**Problem details:** In the material below, pictures must be dropped. Repeat exactly, and only, the lines from the line with "5月24日,民众在东京日本科学未来馆内收看火箭发射直播。新华社/法新" to the line with "Cazadora bomber de", both ends included.

*** Data shown Section Begins ***

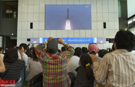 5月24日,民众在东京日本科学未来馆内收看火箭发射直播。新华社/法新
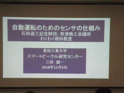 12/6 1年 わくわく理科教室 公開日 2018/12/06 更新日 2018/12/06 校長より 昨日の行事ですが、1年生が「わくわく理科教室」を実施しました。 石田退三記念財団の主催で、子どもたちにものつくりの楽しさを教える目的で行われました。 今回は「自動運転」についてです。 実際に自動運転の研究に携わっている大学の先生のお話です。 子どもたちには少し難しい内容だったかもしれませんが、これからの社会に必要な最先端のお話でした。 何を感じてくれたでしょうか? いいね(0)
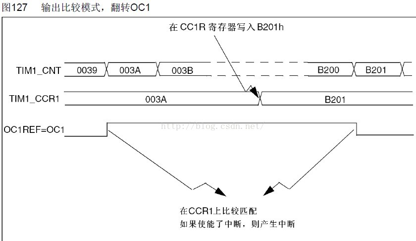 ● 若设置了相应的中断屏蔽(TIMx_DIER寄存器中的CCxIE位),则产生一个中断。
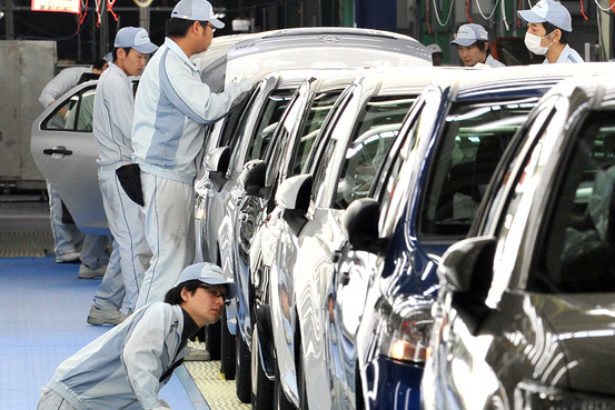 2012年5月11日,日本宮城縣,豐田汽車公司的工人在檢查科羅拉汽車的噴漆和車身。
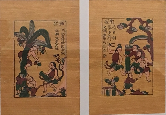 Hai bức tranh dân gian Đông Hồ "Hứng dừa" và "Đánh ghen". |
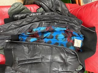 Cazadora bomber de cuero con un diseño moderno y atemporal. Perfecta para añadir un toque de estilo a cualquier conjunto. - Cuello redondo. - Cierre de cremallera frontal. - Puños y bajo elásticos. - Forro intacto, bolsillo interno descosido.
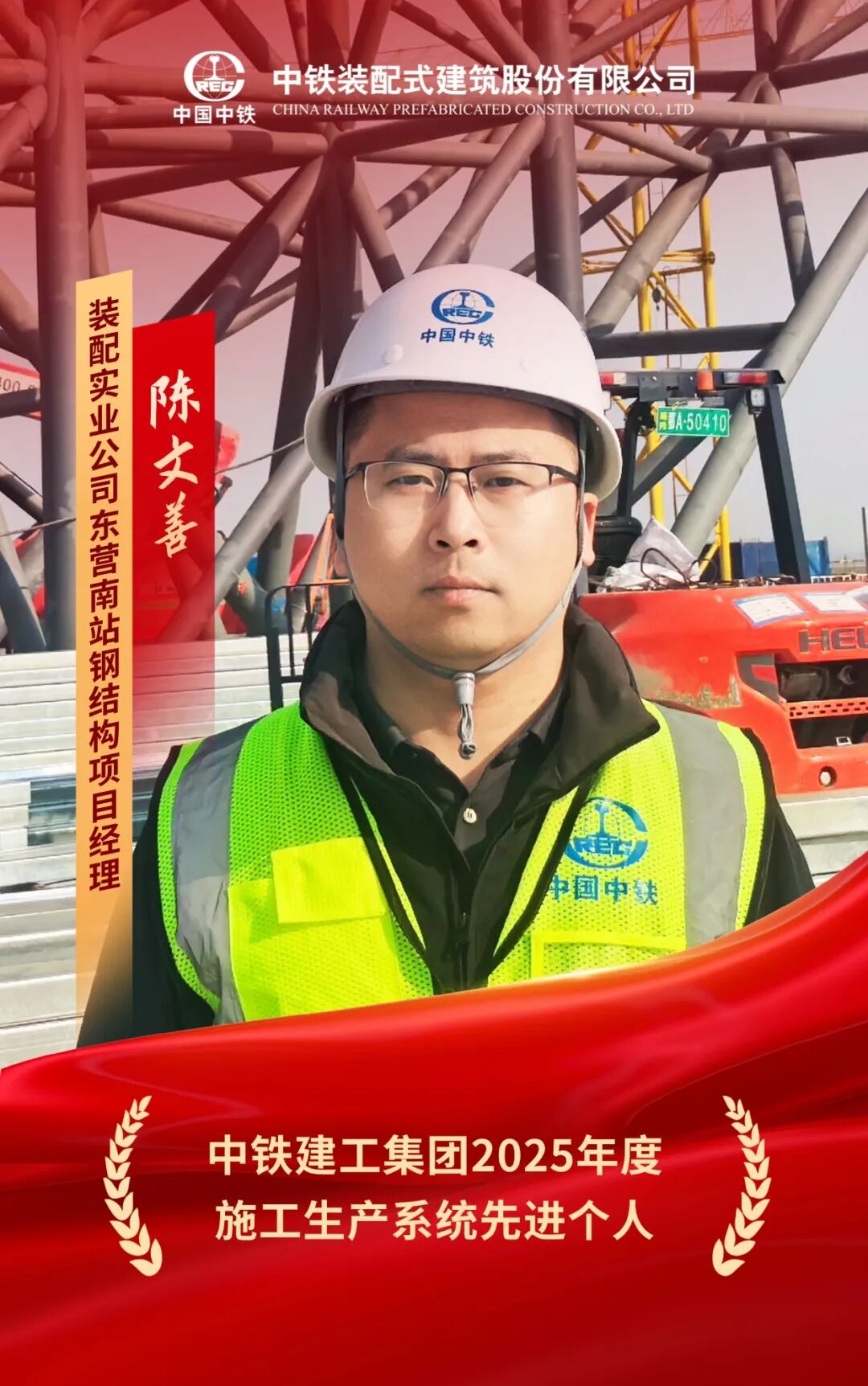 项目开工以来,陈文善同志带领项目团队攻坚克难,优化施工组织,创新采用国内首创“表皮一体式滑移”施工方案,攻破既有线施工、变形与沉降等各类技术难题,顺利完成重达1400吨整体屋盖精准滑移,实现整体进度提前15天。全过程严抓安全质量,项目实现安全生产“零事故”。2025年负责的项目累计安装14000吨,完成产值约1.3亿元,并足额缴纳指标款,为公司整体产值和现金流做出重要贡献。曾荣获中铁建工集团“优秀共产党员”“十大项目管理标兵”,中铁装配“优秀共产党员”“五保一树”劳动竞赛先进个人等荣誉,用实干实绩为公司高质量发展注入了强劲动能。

*** Data shown Section Ends ***
*** Data shown Section Begins ***

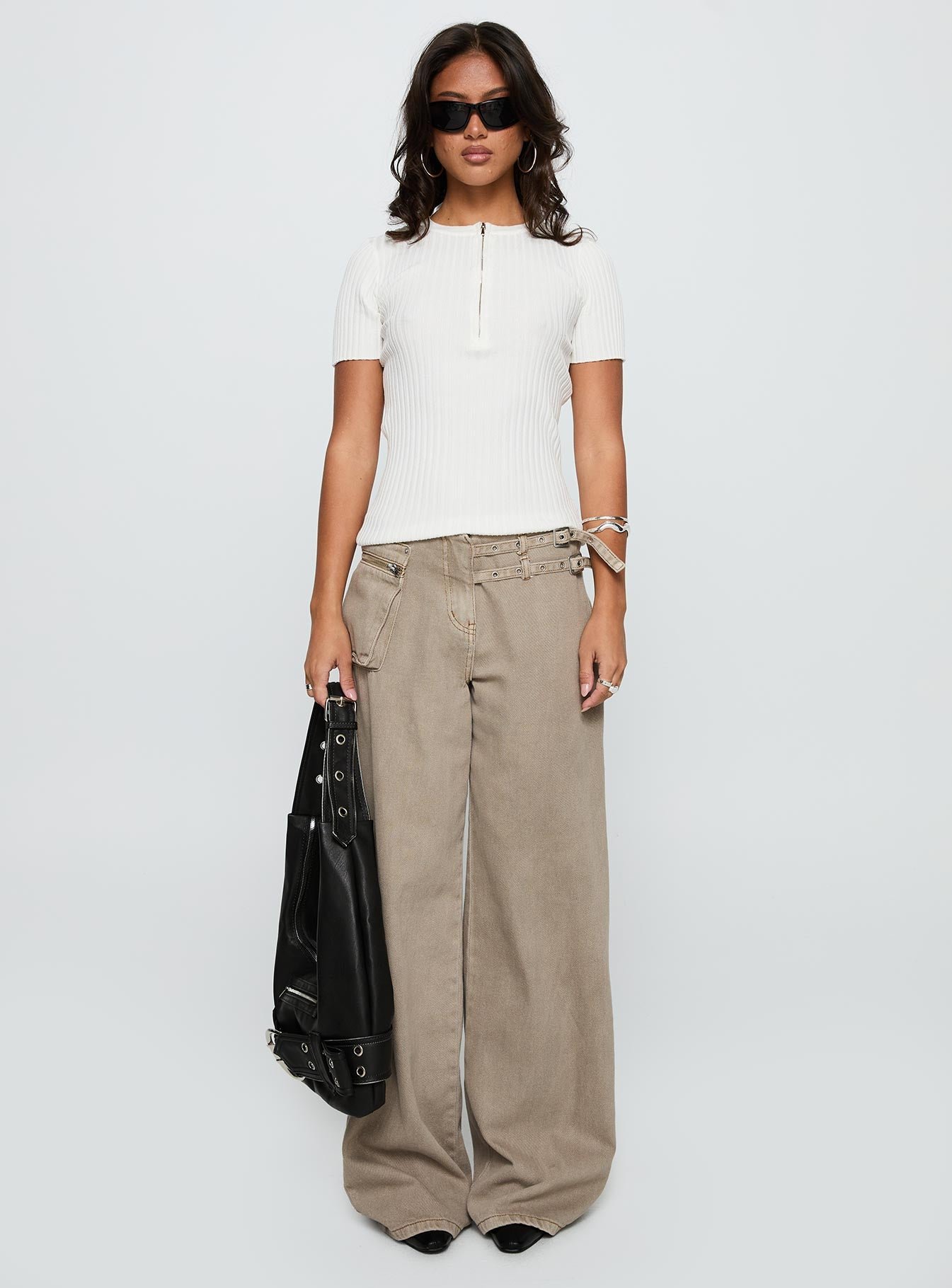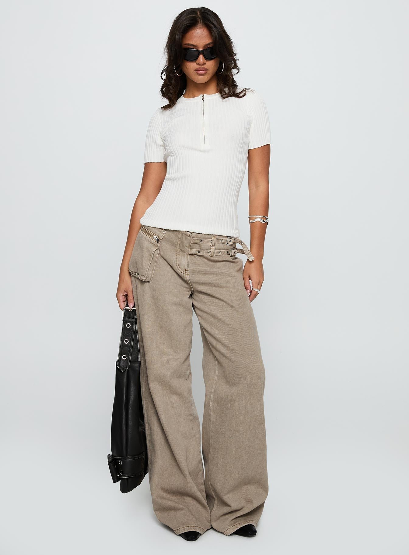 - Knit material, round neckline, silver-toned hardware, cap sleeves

*** Data shown Section Ends ***

**Solution for this exercise:**
 5月24日,民众在东京日本科学未来馆内收看火箭发射直播。新华社/法新
 12/6 1年 わくわく理科教室 公開日 2018/12/06 更新日 2018/12/06 校長より 昨日の行事ですが、1年生が「わくわく理科教室」を実施しました。 石田退三記念財団の主催で、子どもたちにものつくりの楽しさを教える目的で行われました。 今回は「自動運転」についてです。 実際に自動運転の研究に携わっている大学の先生のお話です。 子どもたちには少し難しい内容だったかもしれませんが、これからの社会に必要な最先端のお話でした。 何を感じてくれたでしょうか? いいね(0)
 ● 若设置了相应的中断屏蔽(TIMx_DIER寄存器中的CCxIE位),则产生一个中断。
 2012年5月11日,日本宮城縣,豐田汽車公司的工人在檢查科羅拉汽車的噴漆和車身。
 Hai bức tranh dân gian Đông Hồ "Hứng dừa" và "Đánh ghen". |
 Cazadora bomber de cuero con un diseño moderno y atemporal. Perfecta para añadir un toque de estilo a cualquier conjunto. - Cuello redondo. - Cierre de cremallera frontal. - Puños y bajo elásticos. - Forro intacto, bolsillo interno descosido.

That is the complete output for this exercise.